__ACTIVITY__
Nothing but the lines below from the one that contains "Abstract art of" through the one that contains "Additional features: Air" should be retyped, exactly and including both ends. Do not include pictures.

__WORKING DATA__

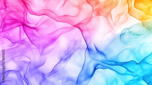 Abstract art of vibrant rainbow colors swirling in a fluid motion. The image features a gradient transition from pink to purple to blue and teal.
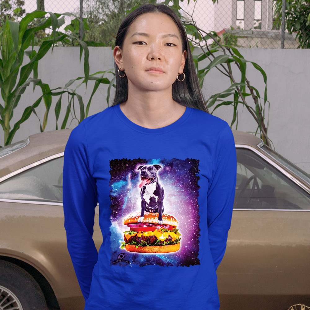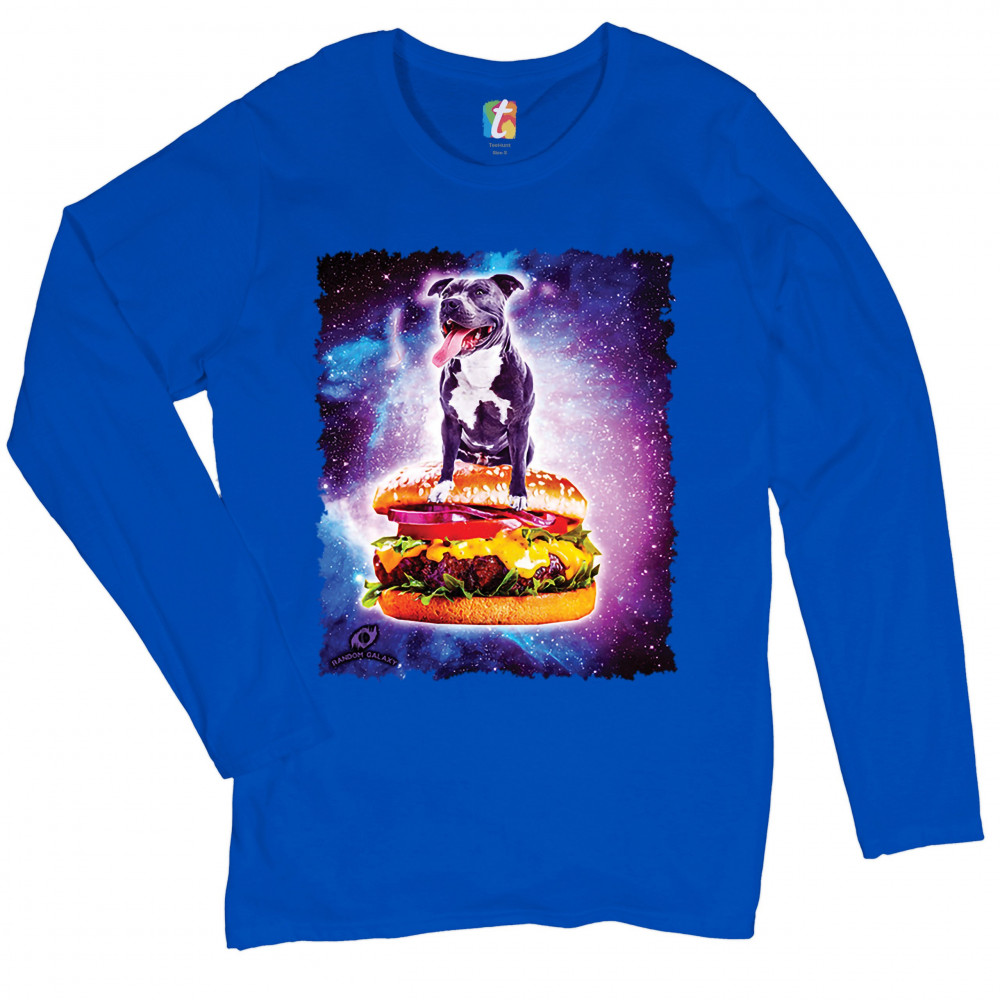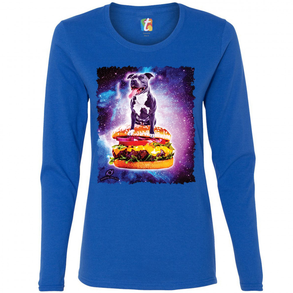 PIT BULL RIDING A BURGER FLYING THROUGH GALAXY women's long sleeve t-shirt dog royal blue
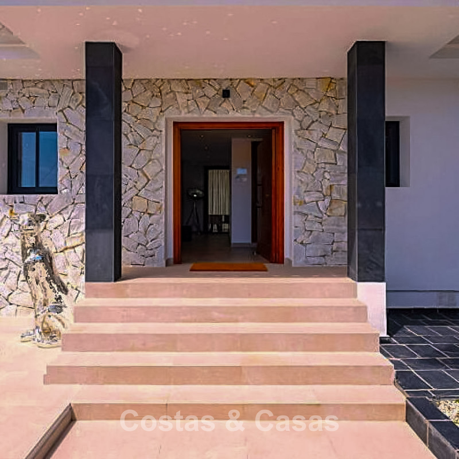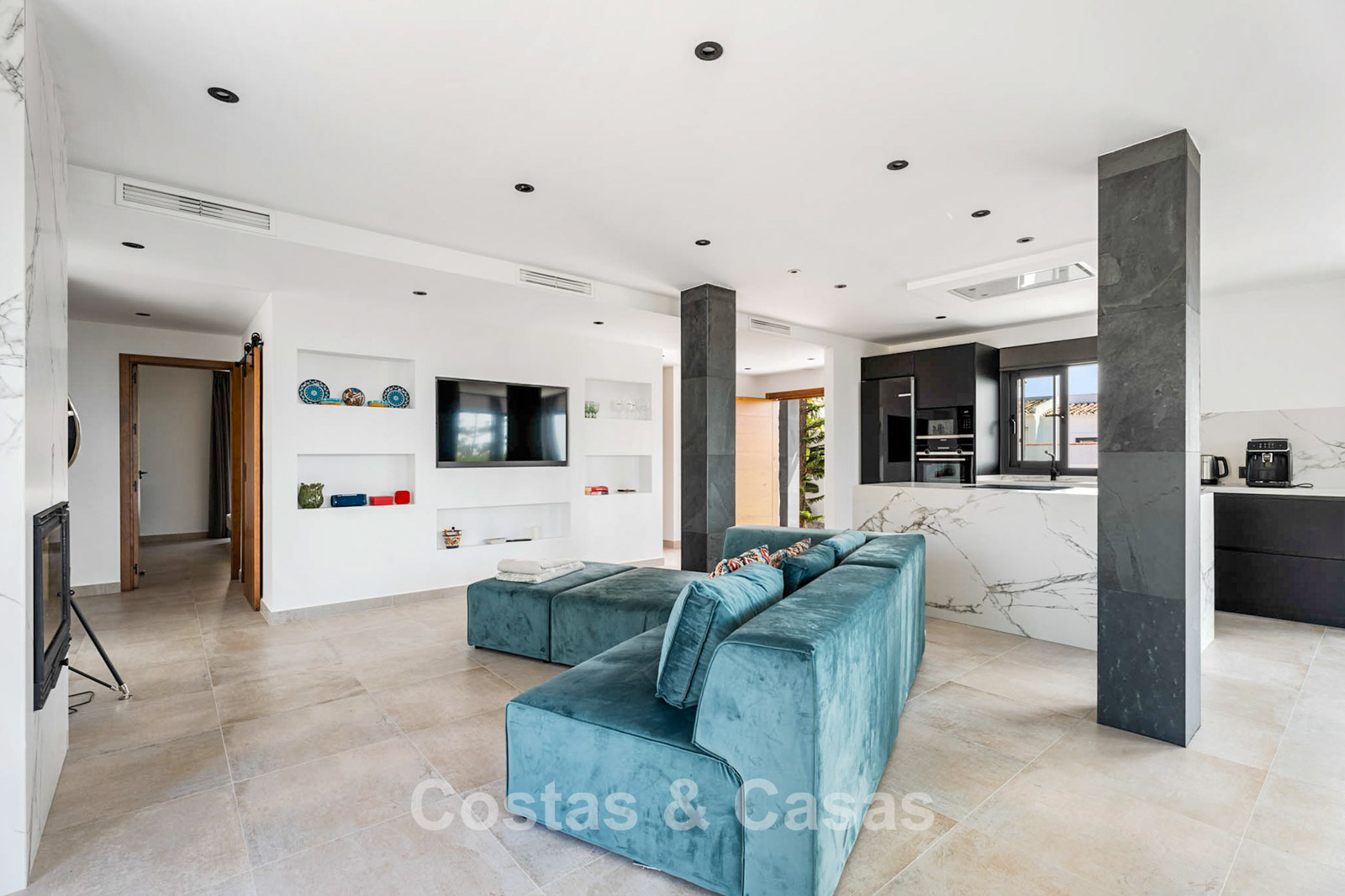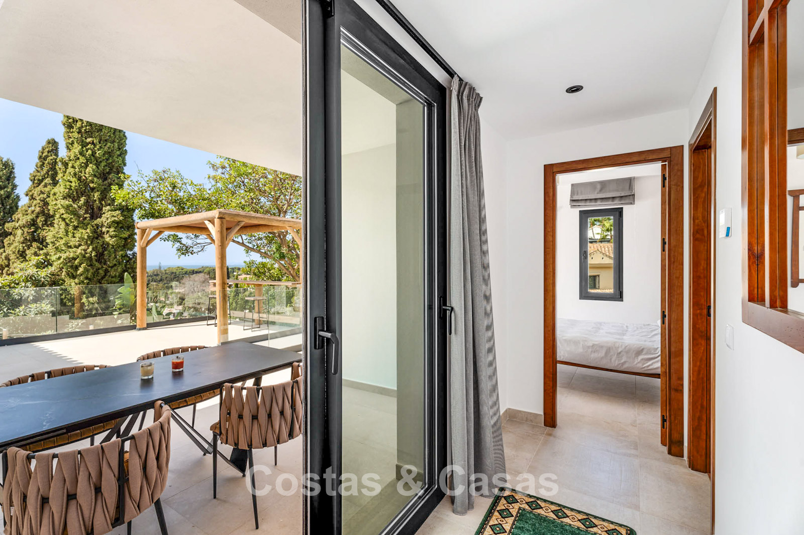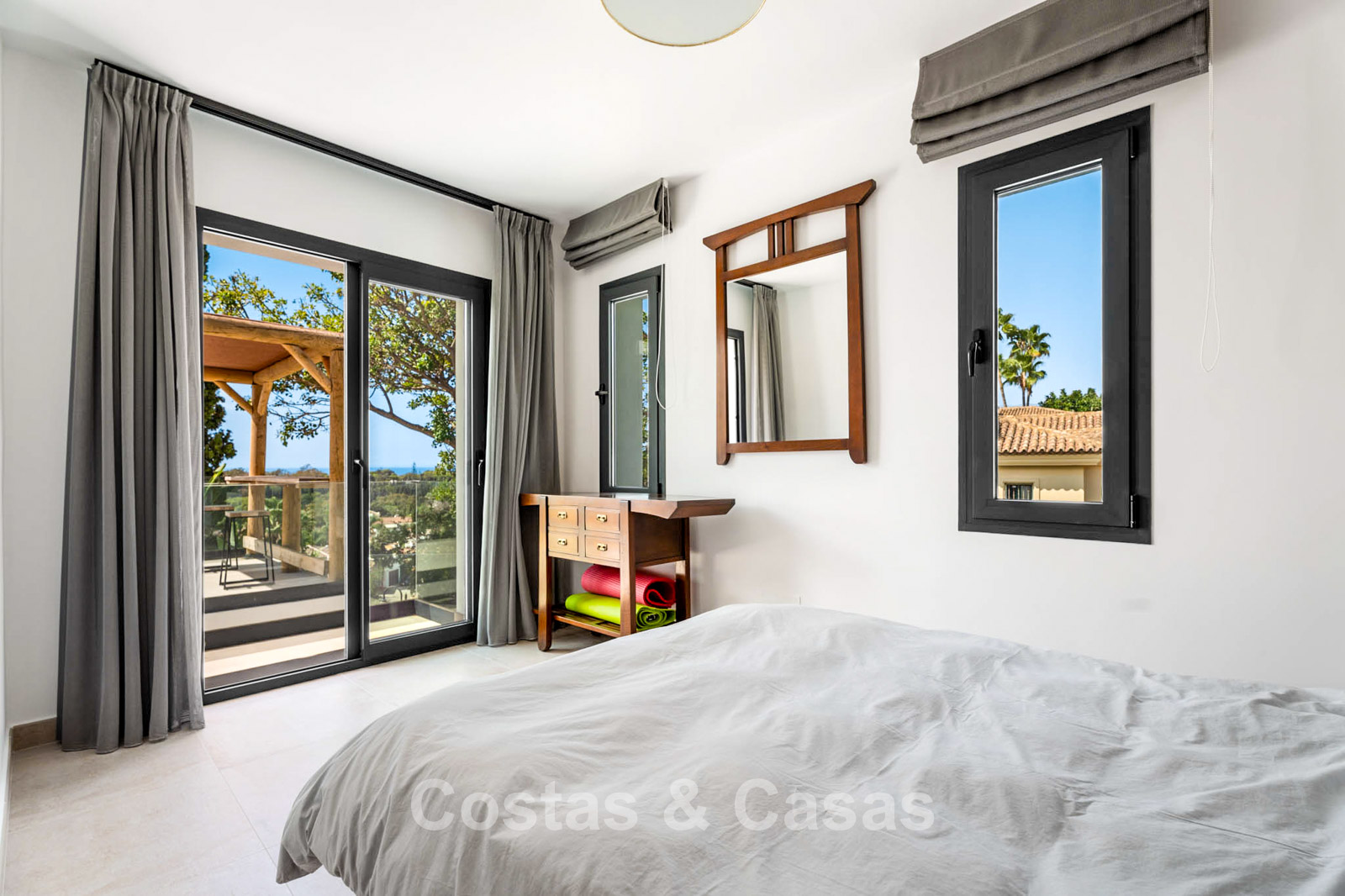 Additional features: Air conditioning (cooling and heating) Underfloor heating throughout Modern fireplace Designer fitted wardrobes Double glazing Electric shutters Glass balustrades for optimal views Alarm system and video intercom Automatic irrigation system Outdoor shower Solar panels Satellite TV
---
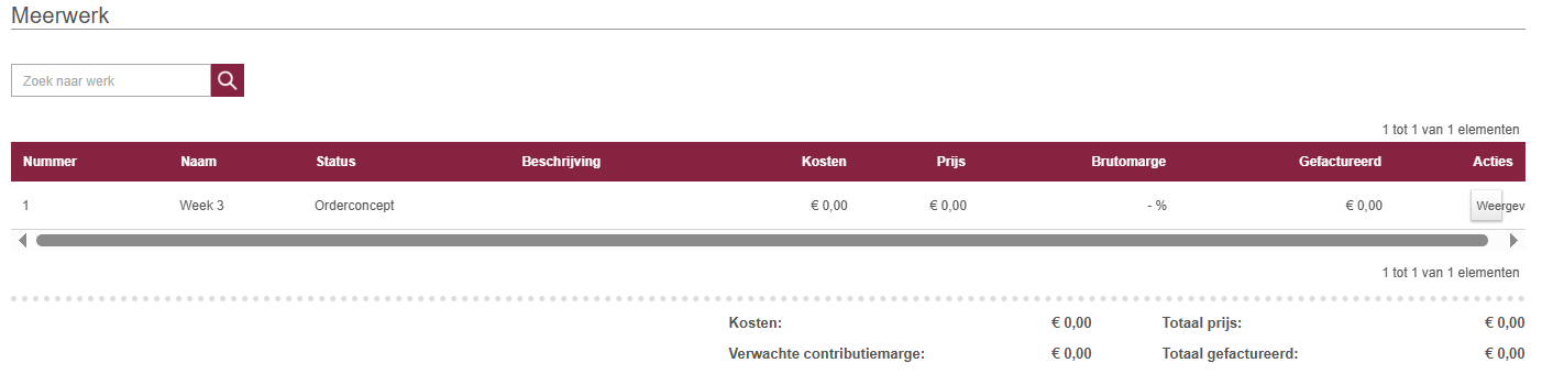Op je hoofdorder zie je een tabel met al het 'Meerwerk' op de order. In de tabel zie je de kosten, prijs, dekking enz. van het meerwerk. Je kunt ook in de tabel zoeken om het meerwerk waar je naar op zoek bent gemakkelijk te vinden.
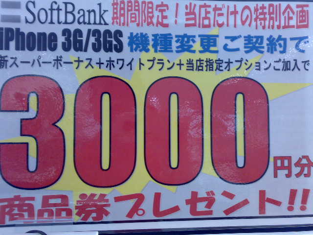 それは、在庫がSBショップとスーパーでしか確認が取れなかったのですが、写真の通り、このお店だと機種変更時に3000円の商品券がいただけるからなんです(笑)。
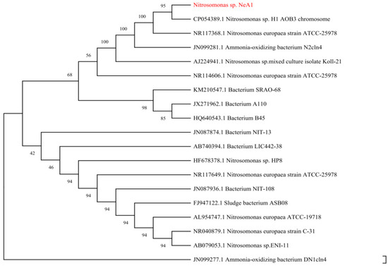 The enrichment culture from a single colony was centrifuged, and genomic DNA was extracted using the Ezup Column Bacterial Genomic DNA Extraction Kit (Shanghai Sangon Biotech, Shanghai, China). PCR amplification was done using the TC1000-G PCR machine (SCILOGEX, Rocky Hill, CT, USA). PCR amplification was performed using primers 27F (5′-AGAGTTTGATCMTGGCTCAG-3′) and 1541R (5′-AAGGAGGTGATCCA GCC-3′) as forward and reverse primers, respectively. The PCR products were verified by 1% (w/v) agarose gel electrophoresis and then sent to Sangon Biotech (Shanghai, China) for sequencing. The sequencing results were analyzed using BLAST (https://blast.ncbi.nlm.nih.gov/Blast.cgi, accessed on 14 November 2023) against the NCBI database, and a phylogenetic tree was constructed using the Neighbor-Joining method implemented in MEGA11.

__TASK ANSWER__
 Abstract art of vibrant rainbow colors swirling in a fluid motion. The image features a gradient transition from pink to purple to blue and teal.
 PIT BULL RIDING A BURGER FLYING THROUGH GALAXY women's long sleeve t-shirt dog royal blue
 Additional features: Air conditioning (cooling and heating) Underfloor heating throughout Modern fireplace Designer fitted wardrobes Double glazing Electric shutters Glass balustrades for optimal views Alarm system and video intercom Automatic irrigation system Outdoor shower Solar panels Satellite TV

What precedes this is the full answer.